What needs to be done. Any pictures in the records below must be left out when you repeat the lines from the line containing "우리 집에서는 아이들이" through the line containing "skg腰部按摩器 无线热敷智能护腰按摩仪 揉捏暖腰神器" exactly.

Record set.
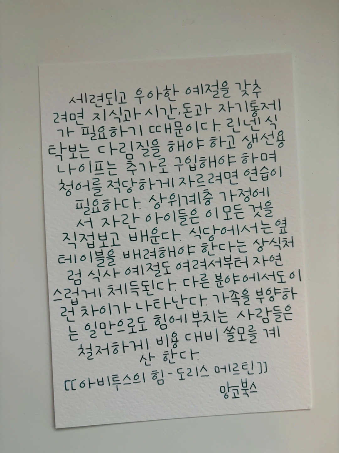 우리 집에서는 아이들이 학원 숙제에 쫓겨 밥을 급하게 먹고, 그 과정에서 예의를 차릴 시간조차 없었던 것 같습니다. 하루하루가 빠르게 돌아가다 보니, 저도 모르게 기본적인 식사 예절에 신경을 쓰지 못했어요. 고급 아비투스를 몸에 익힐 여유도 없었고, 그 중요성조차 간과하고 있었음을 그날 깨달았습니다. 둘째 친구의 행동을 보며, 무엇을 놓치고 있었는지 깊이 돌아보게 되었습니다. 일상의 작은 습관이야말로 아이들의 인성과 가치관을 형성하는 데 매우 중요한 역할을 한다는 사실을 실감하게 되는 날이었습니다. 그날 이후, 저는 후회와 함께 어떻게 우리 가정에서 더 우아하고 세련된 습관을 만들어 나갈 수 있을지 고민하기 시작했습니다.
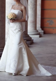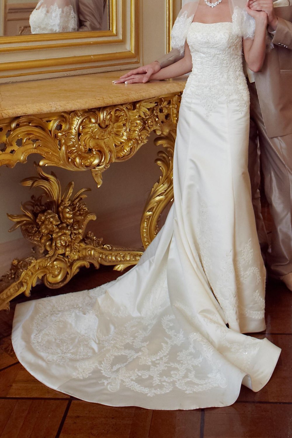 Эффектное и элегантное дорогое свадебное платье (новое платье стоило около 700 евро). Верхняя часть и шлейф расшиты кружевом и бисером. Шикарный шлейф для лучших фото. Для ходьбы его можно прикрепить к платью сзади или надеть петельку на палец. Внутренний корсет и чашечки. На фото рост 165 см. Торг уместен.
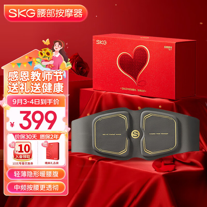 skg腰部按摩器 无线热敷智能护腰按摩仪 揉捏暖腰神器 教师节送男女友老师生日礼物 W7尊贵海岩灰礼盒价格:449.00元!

==

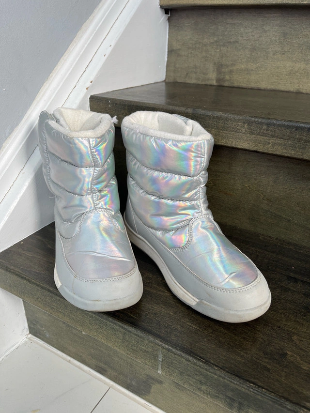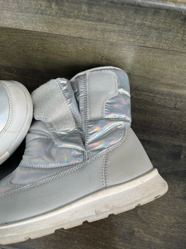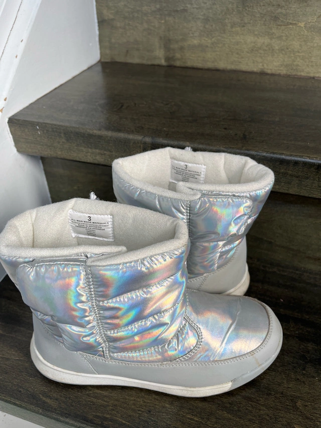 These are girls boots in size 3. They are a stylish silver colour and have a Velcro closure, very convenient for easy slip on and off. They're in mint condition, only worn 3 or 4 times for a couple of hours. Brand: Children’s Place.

==

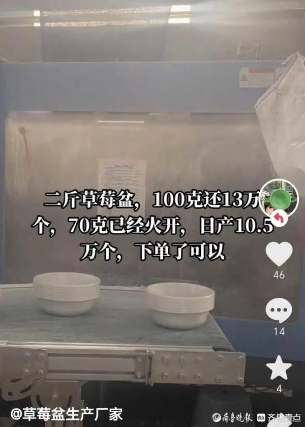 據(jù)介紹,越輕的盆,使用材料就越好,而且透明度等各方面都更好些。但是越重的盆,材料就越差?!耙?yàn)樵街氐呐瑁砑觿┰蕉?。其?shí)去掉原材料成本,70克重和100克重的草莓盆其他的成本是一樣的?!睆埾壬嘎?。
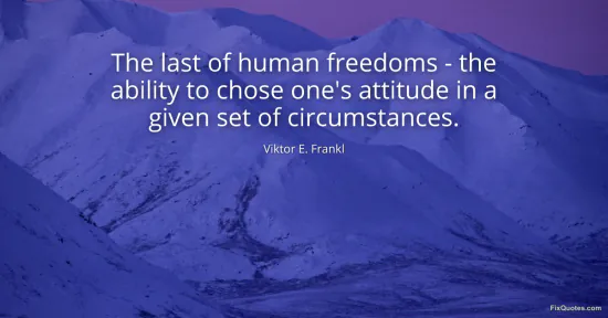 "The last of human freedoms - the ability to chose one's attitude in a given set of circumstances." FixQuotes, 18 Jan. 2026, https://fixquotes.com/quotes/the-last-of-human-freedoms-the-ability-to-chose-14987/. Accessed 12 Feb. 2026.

Completed task.
 우리 집에서는 아이들이 학원 숙제에 쫓겨 밥을 급하게 먹고, 그 과정에서 예의를 차릴 시간조차 없었던 것 같습니다. 하루하루가 빠르게 돌아가다 보니, 저도 모르게 기본적인 식사 예절에 신경을 쓰지 못했어요. 고급 아비투스를 몸에 익힐 여유도 없었고, 그 중요성조차 간과하고 있었음을 그날 깨달았습니다. 둘째 친구의 행동을 보며, 무엇을 놓치고 있었는지 깊이 돌아보게 되었습니다. 일상의 작은 습관이야말로 아이들의 인성과 가치관을 형성하는 데 매우 중요한 역할을 한다는 사실을 실감하게 되는 날이었습니다. 그날 이후, 저는 후회와 함께 어떻게 우리 가정에서 더 우아하고 세련된 습관을 만들어 나갈 수 있을지 고민하기 시작했습니다.
 Эффектное и элегантное дорогое свадебное платье (новое платье стоило около 700 евро). Верхняя часть и шлейф расшиты кружевом и бисером. Шикарный шлейф для лучших фото. Для ходьбы его можно прикрепить к платью сзади или надеть петельку на палец. Внутренний корсет и чашечки. На фото рост 165 см. Торг уместен.
 skg腰部按摩器 无线热敷智能护腰按摩仪 揉捏暖腰神器 教师节送男女友老师生日礼物 W7尊贵海岩灰礼盒价格:449.00元!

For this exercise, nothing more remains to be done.